Editor's Highlight: Collaborative Cross Mouse Population Enables Refinements to Characterization of the Variability in Toxicokinetics of Trichloroethylene and Provides Genetic Evidence for the Role of PPAR Pathway in Its Oxidative Metabolism.

Background: Trichloroethylene (TCE) is a known carcinogen in humans and rodents. Previous studies of inter-strain variability in TCE metabolism were conducted in multi-strain panels of classical inbred mice with limited genetic diversity to identify gene-environment interactions associated with chemical exposure.

Objectives: To evaluate inter-strain variability in TCE metabolism and identify genetic determinants that are associated with TCE metabolism and effects using Collaborative Cross (CC), a large panel of genetically diverse strains of mice.
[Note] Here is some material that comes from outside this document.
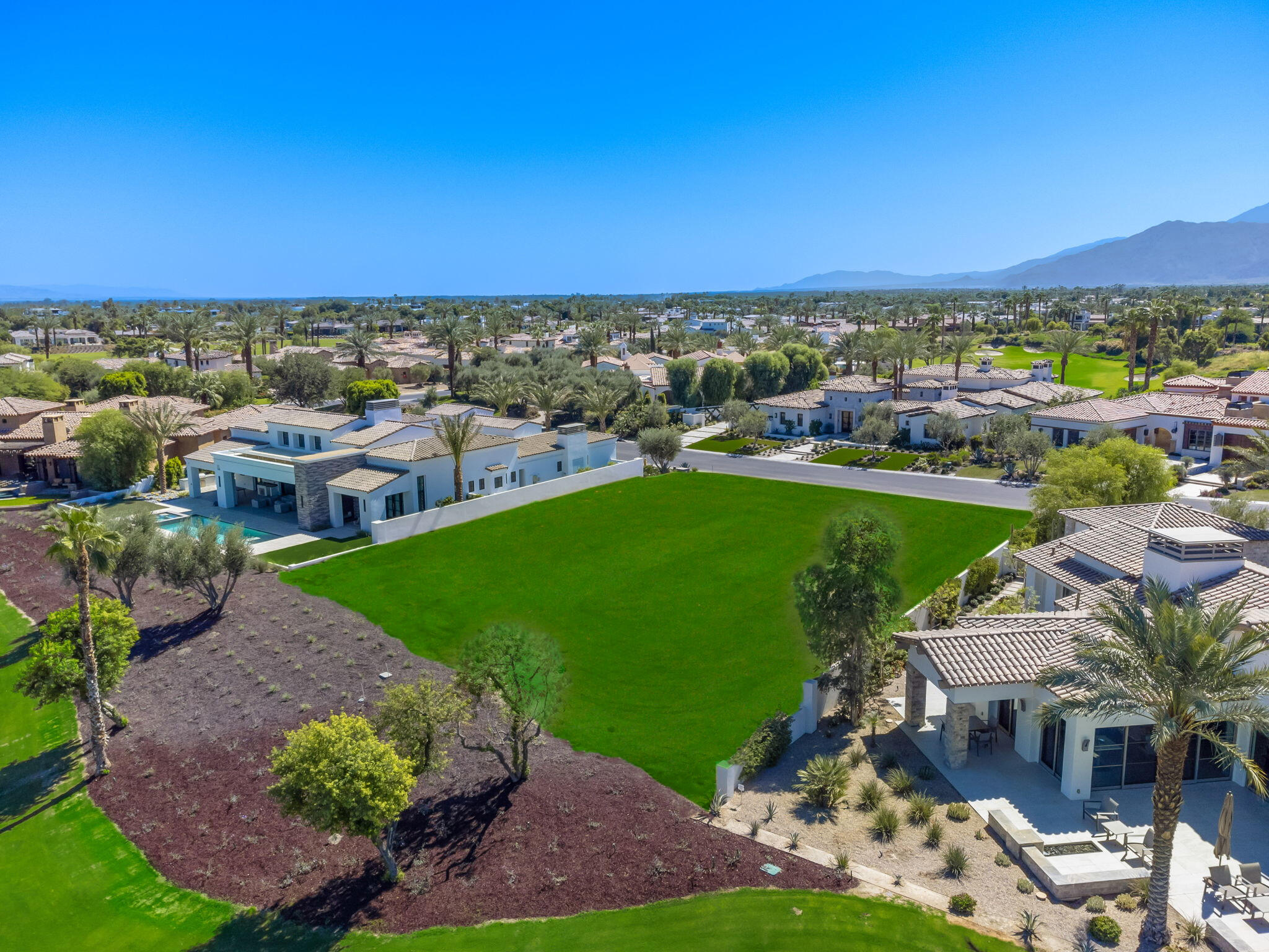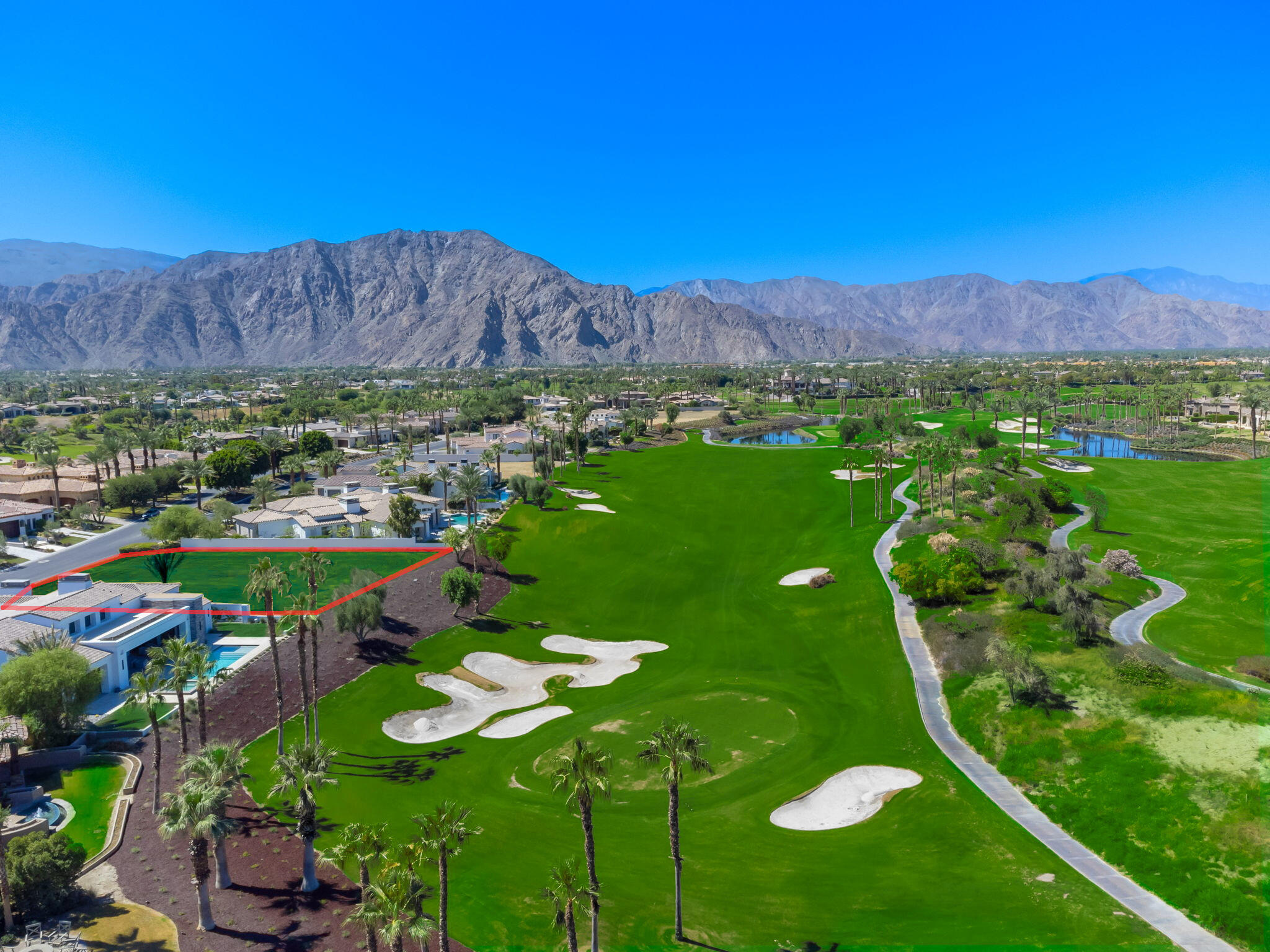 This exceptional, nearly half-acre custom homesite offers a unique opportunity to build your dream home in a prime interior location within the beautiful Hideaway Golf Club. Nestled just off the 10th green of the Clive Clark golf course, this site boasts stunning views of the Chocolate and Santa Rosa mountains. Approved plans for a stunning 7,400 sqft custom home are included, featuring 6 bedrooms, 6.5 baths, and a luxurious outdoor entertainment area, including a sparkling pool that spans the full length of the property, allowing you to create your own private oasis. The lush green areas enhance the beauty and charm of your future home, providing an ideal backdrop for outdoor activities and relaxation. Don't miss this rare opportunity to own one of the few remaining custom homesites at the Hideaway. Embrace the breathtaking mountain views, dramatic golf vistas, and the tranquility of this remarkable location. Contact us today to make your dream a reality on Via Montecito.

Methods: We administered a single oral dose of 0, 24, 80, 240, or 800 mg/kg of TCE to mice from 50 CC strains, and collected organs 24 h post-dosing. Levels of trichloroacetic acid (TCA), a major oxidative metabolite of TCE were measured in multiple tissues. Protein expression and activity levels of TCE-metabolizing enzymes were evaluated in the liver. Liver transcript levels of known genes perturbed by TCE exposure were also quantified. Genetic association mapping was performed on the acquired phenotypes.

Results: TCA levels varied in a dose- and strain-dependent manner in liver, kidney, and serum. The variability in TCA levels among strains did not correlate with expression or activity of a number of enzymes known to be involved in TCE oxidation. Peroxisome proliferator-activated receptor alpha (PPARα)-responsive genes were found to be associated with strain-specific differences in TCE metabolism.

Conclusions: This study shows that CC mouse population is a valuable tool to quantitatively evaluate inter-individual variability in chemical metabolism and to identify genes and pathways that may underpin population differences.